Inkubasi semacam ini membuat generasi muda di negara maju justru tertarik pada sektor pertanian, kontras dengan kondisi di desa-desa kita, di mana anak muda justru enggan bertani.

Membangun Ekosistem

Mewujudkan ekosistem ekonomi yang berkelanjutan serta menciptakan iklim usaha yang kondusif adalah best practice nyata dari pengelolaan kemandirian lokal. Usaha tidak bisa berdiri sendiri. Ia memerlukan ekosistem yang saling terhubung dan saling menguatkan dalam budaya usaha yang lincah dan adaptif (agile).

Ekosistem harus dibangun dari hulu ke hilir, mulai dari produksi hingga akses pasar. Dengan begitu, akan terbentuk sistem yang mampu mendatangkan, mengembangkan, dan menginovasikan usaha lokal secara berkelanjutan—hingga tercipta keunggulan kompetitif jangka panjang. Di sinilah pentingnya sinergi lintas sektor: pemerintah, pendidikan, dan lembaga swasta.

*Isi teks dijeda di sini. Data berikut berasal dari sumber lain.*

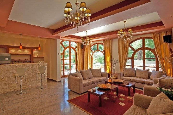 В стоимость проживания включён континентальный завтрак. В отеле работает ресторан греческой кухни, а в баре у бассейна можно заказать коктейли, соки и алкогольные напитки.
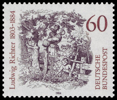 60p., carmin et noir Y&T N°1045 Michel N°1213 Emis en 1984 Dentelé 14 Centenaire de la mort de Ludwig Richter, peintre et illustrateur |
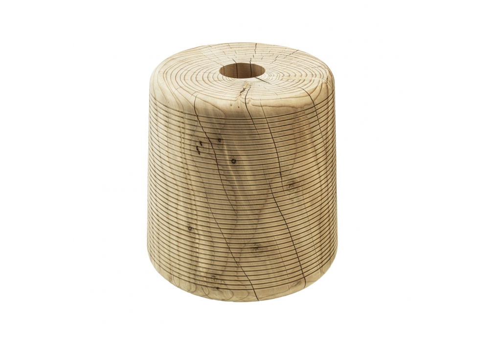 Rock-Etto firmato da C.R.&S. Riva1920 e Tecnologie D’impresa per Riva 1920 è uno sgabello in legno massello di cedro profumato lavorato da un blocco unico, riproduzione di un rocchetto la cui lavorazione superficiale ricorda il filo avvolto su di esso.
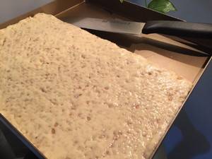 4、离火加入花生碎,放入烤盘,压实,放凉。
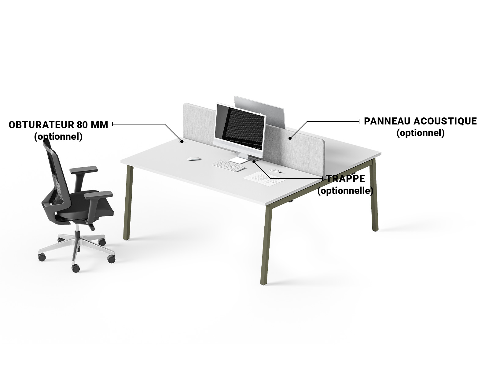 - Possibilité d'ajouter des panneaux de séparation acoustiques (finition textile, verre ou mélaminé) pour améliorer la concentration en open space.
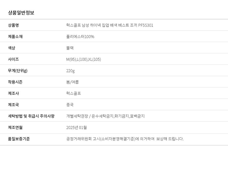 | 1. 제품 소재 (섬유의 조성 또는 혼용률을 백분율로 표시, 기능성인 경우 성적서 또는 허가서) | 상세이미지 참조 |
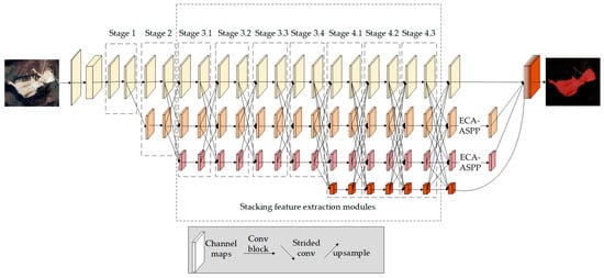 (2) This paper presents a deepened high-resolution semantic segmentation network specifically designed for landslide scenes. By deepening the network’s backbone, a stacked feature module is constructed. This module effectively captures deeper semantic information, enhancing the network’s performance in semantic segmentation of landslide scenes.

Filosofi “Mon atani atana’, mon adagang adaging” harus melibatkan refleksi mendalam terhadap pengalaman kemandirian masa lalu. Refleksi ini penting agar setiap individu mampu bertindak lebih mandiri, lebih tepat, dan lebih berdampak—bagi dirinya, pekerjaannya, dan kesejahteraannya.